Opinion | The good, bad and ugly of a fistful of property intervention
The usual suspects and some unexpected targets have been caught by official curbs on the market

On Friday I got a text message from a friend saying she had put her industrial unit up for sale weeks ago but still hadn't found a buyer.
Could this be because the investment tide has turned, and there are now more sellers in the market than buyers? Or is there something else at work?
She bought the property in Kwai Chung in September - a month before the start of another round of property cooling measures by the government. Her plan at the time was to hold the unit as a long-term investment, a move based on the prevailing yield of more than 4 per cent, low interest rates, and strong liquidity.
Six months on and interest rates remain low, liquidity remains strong, and investment yields remain relatively high.
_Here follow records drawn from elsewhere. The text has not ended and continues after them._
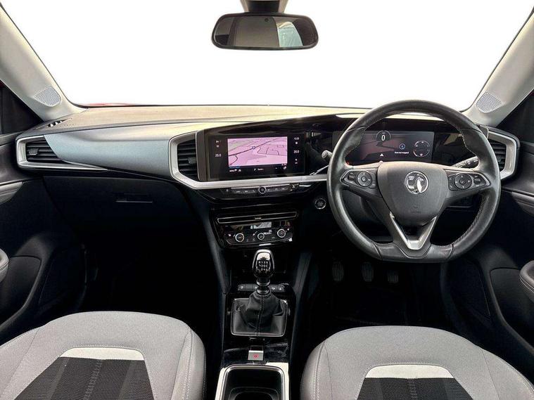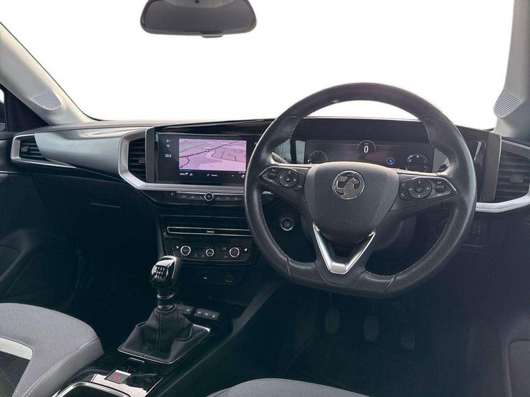 Automatic adaptive cruise control, Engine start/stop button, Front and rear parking distance sensors, Front camera system, Lane keep assist system (LAS) with Lane departure warning system (LDWS), Lights on audible warning, Multi function trip computer, Panoramic rear view camera, Power assisted speed sensitive steering, Side blind spot alert and flank guard, Smartphone integration compatible with Apple CarPlay and Android Auto, Speed sign recognition, Start/stop system, Vauxhall connect, 6 speed manual transmission, Chassis drive line front wheel drive, Electronic fuel system, Front chassis equipment, Rear chassis equipment, Standard chassis suspension system ride handling, Bluetooth A2DP audio streaming, Flexible Roof Mounted Radio Aerial, Front USB connection, Mobile phone portal - bluetooth connect, vehicle microphone, handsfree calls, SMS read out and reply, phone book access, Multimedia Navi pro infotainment with satellite nav, 10" colour touchscreen, 6 speakers, DAB radio, 12" instrument panel, Apple carplay/Android auto, Steering wheel mounted controls, Two rear USB sockets, Adaptive brake lights, Automatic lighting control with tunnel detection, Automatically dimming anti dazzle rear view mirror, Black door mirror housings, Black rear spoiler, Body colour door handles, Body colour front and rear bumpers, Chrome effect skid plates, Chrome effect upper window moulding, Electrically adjustable, heated and folding door mirrors, Electrically operated front and rear windows with safety auto reverse and one touch up/down facility, Hazard warning lights, Heated rear window+rear wash/wipe, High beam assist, LED daytime running lights, LED front fog lamps, LED side repeat indicators, LED tail lights, Manual headlamp level control, Rear foglight, Rear wiper, Reversing light, Solar heat absorbing windscreen and windows, Two speed rain-sensitive windscreen wipers with variable intermittent wipe, Windscreen and side window demist vents, 12V Accessory socket, 3 spoke flat bottomed leather steering wheel with satin chrome bezel, 4 speed fan with illuminated controls, 6 way manual adjustable driver fore/aft, up/down with reclining seatback, 6 way manual adjustable front passenger fore/aft, up/down with reclining seatback, Air recirculation system, Cabin particulate filter - removes dust, airborne particles and pollen, Centre console with two cup holders at front and one in rear, Chrome effect interior door handles, Door pockets with two litre capacity, Driver and passenger seat pocket, Driver and passenger sun visors with vanity mirror, Electronic climate control (ECC), Fabric/leather upholstery with jet black fabric side bolsters, Four adjustable facia vents, Four load restraint lashing eyes, Front centre armrest with storage, Front map reading lights, Front seat back storage pockets, Fully carpeted load area, Heated front seats, Heated steering wheel, Height adjustable front/rear head restraints, Illuminated load area, Interior courtesy light, Interior tailgate handle, Luggage compartment cover, Luggage compartment lighting, Reach + rake adjustable steering column, Twin gas assisted tailgate struts, 2x Isofix child seat fitting on outer rear seats, 3x3 point rear seat belts, Anti-lock braking system (ABS), Automatic emergency city braking, Child proof locks on rear doors, Cornering brake control, Deactivation switch for front passenger front and side impact airbags, Drag torque control, Driver and front passenger airbags, front seat side impact airbags, full size curtain airbags, Driver drowsiness alert system, Electronic brake force distribution, Electronic Stability Programme (ESP), Emergency brake assist, Forward collision alert at all speed, Hill start assist, Inertia reel lap and diagonal seatbelts for all seats, Seatbelt unfastened audible warning and warning light, Straight line stability control, Traction control, Tyre pressure monitoring system, Electronically protected audio equipment, Freewheeling door locks, Immobiliser, Key left in ignition audible warning, Keyless entry and start, Locking wheel nuts, Remote control ultrasonic security alarm system, Visible vehicle identification number, Atlantis black trim inserts of front doors, Black facia with silver trim insert, Instrument panel bar in Light Gravel, 17" bi colour alloy wheels,
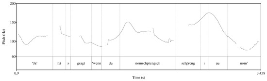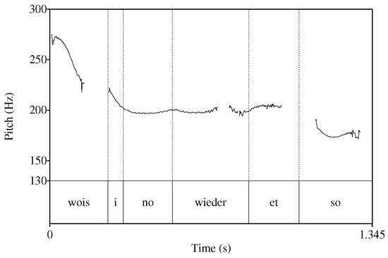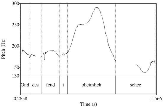 - Féry, Caroline, and Frank Kügler. 2008. Pitch accent scaling on given, new and focused constituents in German. Journal of Phonetics 36: 680–703. [Google Scholar] [CrossRef]
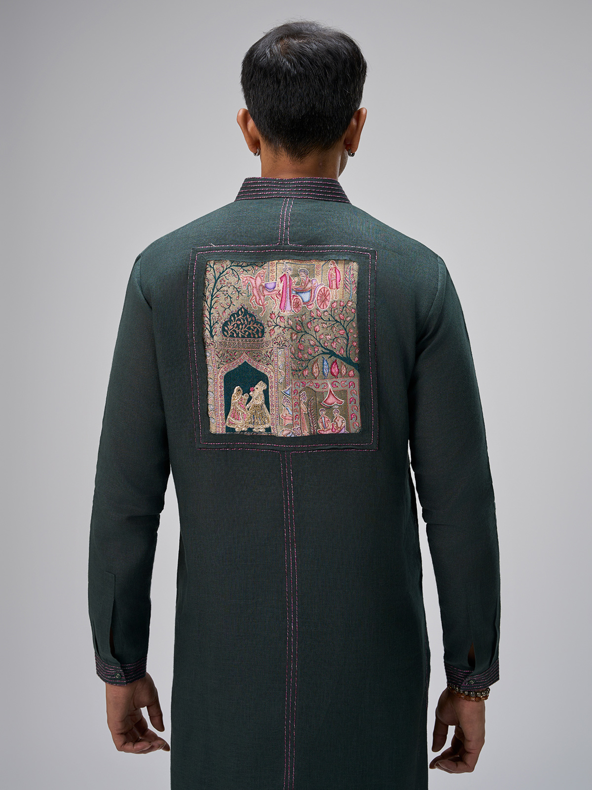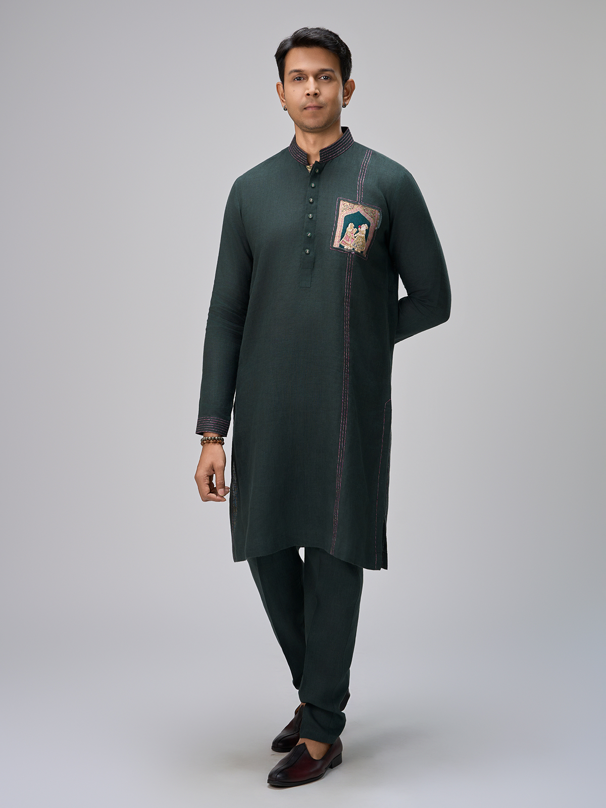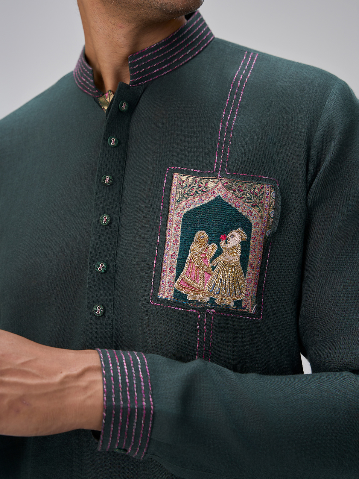 In dark green linen, this kurta features intricate cutdana, patch, thread and bead accents that build a rich festive aura. The chinese collar keeps the look poised for mehendi, sangeet and receptions. The pant enhances comfort while keeping the aesthetic refined.
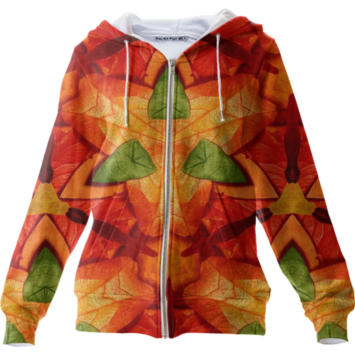Slim fitting zip up hoodie with front kangaroo pockets metal zipper and drawstring hood.
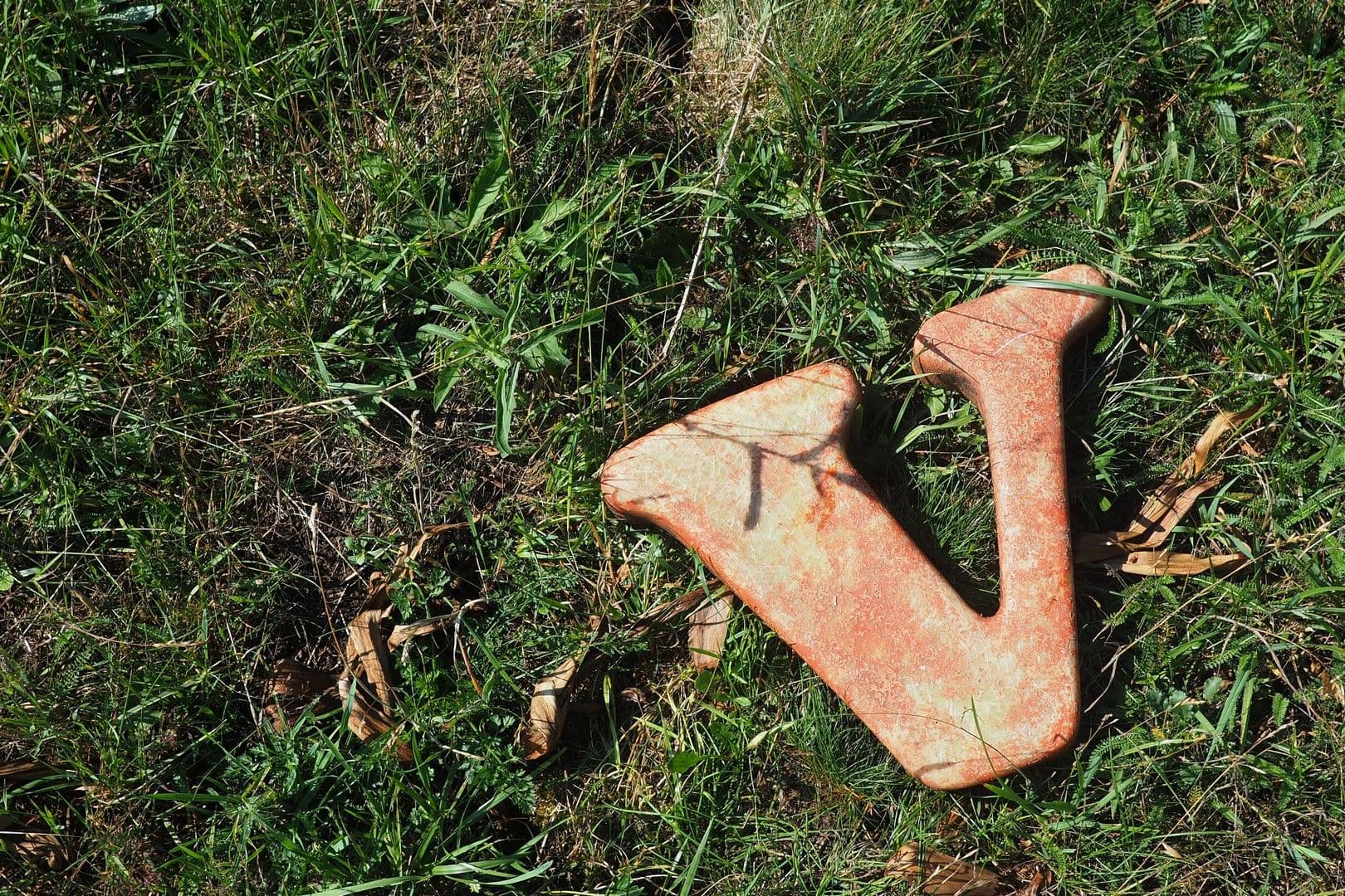 Și cea mai tare: de nicăieri, în iarbă, o literă mare V din fibră de sticlă, inițiala numelui meu, părând desprinsă de pe carlinga vreunui ozeneu în tranziție.
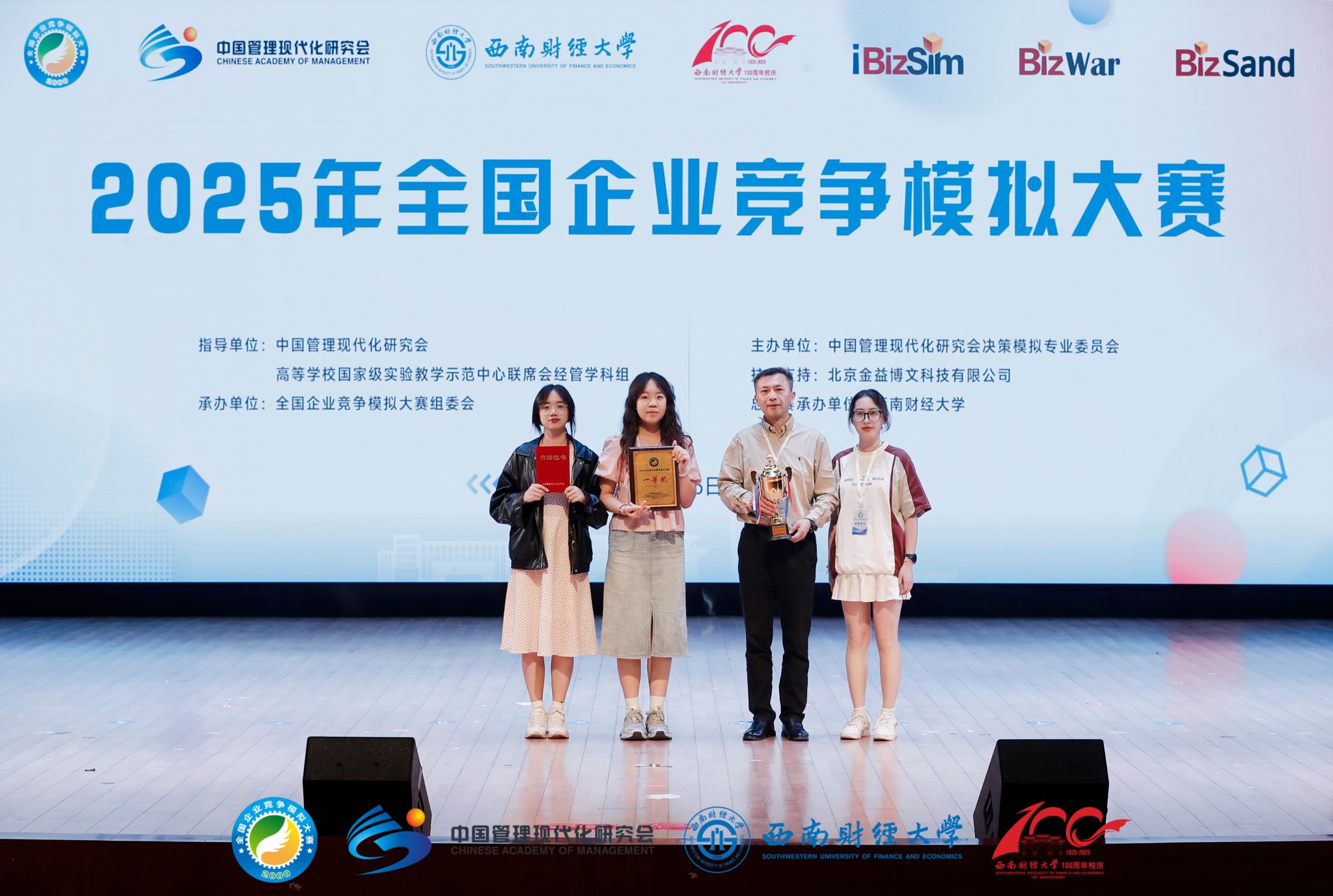 5月18日,2025年全国企业竞争模拟大赛总决赛在西南财经大学落下帷幕。beat365官网管理学院学生曹宇航、高若瑜、陶玫予由教师李毅心指导带队,在总决赛中荣获一等奖,学校获评优秀组织奖。李毅心受邀在大赛数智管理教育教学研讨会上作主题报告分享。
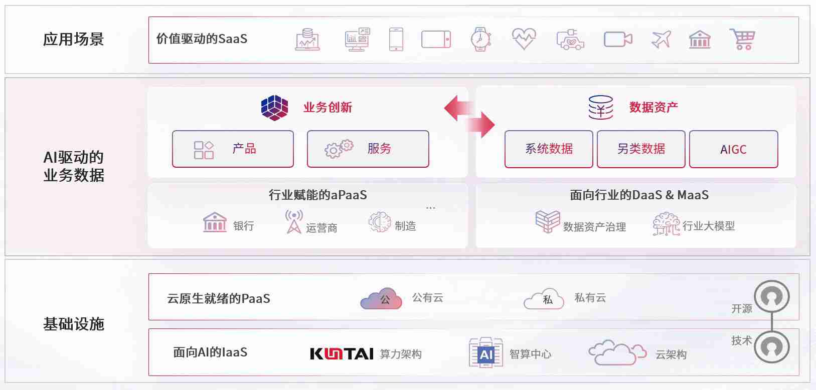 数字时代,,围绕企业数字化转型的关键要素,,,,酷游官网数码开创性的提出数云融合战略和技术体系框架,,,着力在云原生、、、数字原生、、、、AI原生和信创产业上架构产品和服务能力,,,,为处在不同数字化转型阶段的快消零售、、、汽车、、金融、、医疗、、、政企、、、教育、、、、运营商等行业客户提供泛在的敏捷IT能力和融合的数据驱动能力,,,构建跨界融合创新的数字业务场景和新业务模式,,,助力企业级客户建立面向未来的核心能力和竞争优势,,,,全面推动社会的数字化、、、智能化转型升级。。。。
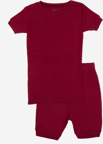 Leveret Kids Short Sleeve Cotton Solid Matching Family Pajamas, Alternate, color, Maroon
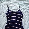 Striped Navy blue, spaghetti strap mini sundress from Mango

The chief differences between now and then are forebodings of a possible rising trend in interest rates (some banks moved their mortgage lending rates 25 basis points higher last week); and the apparent readiness of the government to intervene more aggressively to curb speculation in the property market.
Following on its October intervention, the government last month unexpectedly doubled stamp duty on purchases of residential as well as non-residential properties valued at more than HK$2 million.
Investors in non-residential properties were shocked by the inclusion of the sector in the clampdown on speculation and rising prices. They had thought the sector to be more or less immune from policies aimed at the soaring residential market, only to wake up to the realisation that their investments were also exposed to policy risk.
That is something residential property owners learned to live with a long time ago.